LA QUEJA DEL BANDONEÓN

LA QUEJA DEL BANDONEÓN

Seguramente nadie podría haber escuchado mejor el lamento del mundo, que alguien desde Argentina, la patria del tango. La patria del dolor arrabalero, del canto lastimero de las causas perdidas que no se pueden perder. Nadie mejor para Papa, que un obispo hecho a base de oír la vida a media luz. A media luz los besos, a media luz los dos, a media luz millones de seres humanos cansados de tinieblas y penumbras, cuando podrían tener al alcance ser hijos de la Luz más completa y redonda de la tierra entera.

Cuando un nuevo Papa se asoma al balcón, el mundo entero se llena de primeras impresiones. Con Francisco ya se ha dicho que tiene un parecido físico entre Pío XII y Pablo VI; que se le ve muy humilde; y hasta que posee el perfil de un santo.

Pero las muchedumbres católicas -y hasta las que no lo son- le están esperando más allá de las apariencias de primera hora. Ha de llegar a pisar con sus propios pies en los montones de arenas movedizas de un planeta absolutamente inestable, resquebrajado y al que ya se le mueve la lámpara del techo como cuando empiezan las primeras sacudidas de un terremoto. Todos los seísmos empiezan igual:

-Oye, ¿me lo parece a mí o se está moviendo la lámpara?
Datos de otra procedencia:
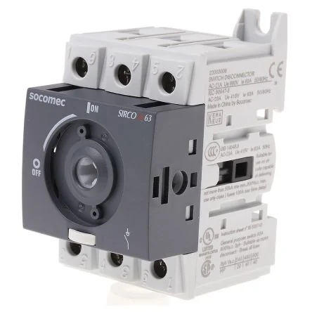 Ensure safe power isolation with the Socomec 3P Pole Isolator Switch, rated for 63A.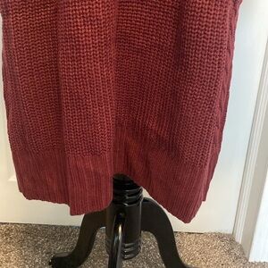 Maroon Long Cable Knit Cardigan Sweater Sz L NWOT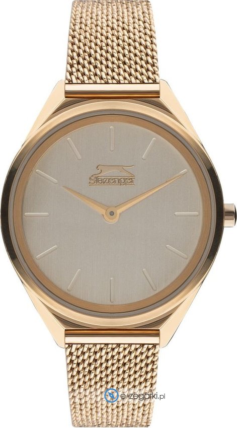 Zegarek damski SL.09.6361.3.02 marki Slazenger to stylowe połączenie funkcjonalności i modnego designu. Wysokiej jakości cyferblat zegarka pokryto różowo złotym kolorem. Aktualna godzina prezentowana jest w sposób analogowy co niezmiernie łatwo pozwala ją odczytać. Koperta szeroka jest na 32 mm - wyróżnia się okrągłym kształtem.

El mundo se percata ya de los primeros temblores y está corriendo el grave peligro de avanzar por la intensidad de la escala Ritcher.

Parece que el Papa va a saber contemplarlo como en la vidriera de los cambalaches, en la que todo está mezclado; sin orden ni concierto y a precio de saldo las cosas más impagables; con la Biblia llorando contra un calefón, herida por un sable sin remaches; con sus renglones desdibujados y ambigua y confusa la línea divisoria entre el bien y el mal.

Se nos aproxima, con el nombre cercano de Francisco, una voz sin latín ni números romanos, con el dulce acento de los que te llaman vos; pero imprecando con valor las exigencias del Evangelio, cuestionando todo lo cuestionable, indagando los escándalos a los pequeñuelos, preguntando por la cruz que no va sobre los hombros de la Iglesia. Y ya se sabe que preguntando, preguntando… se llega a Roma.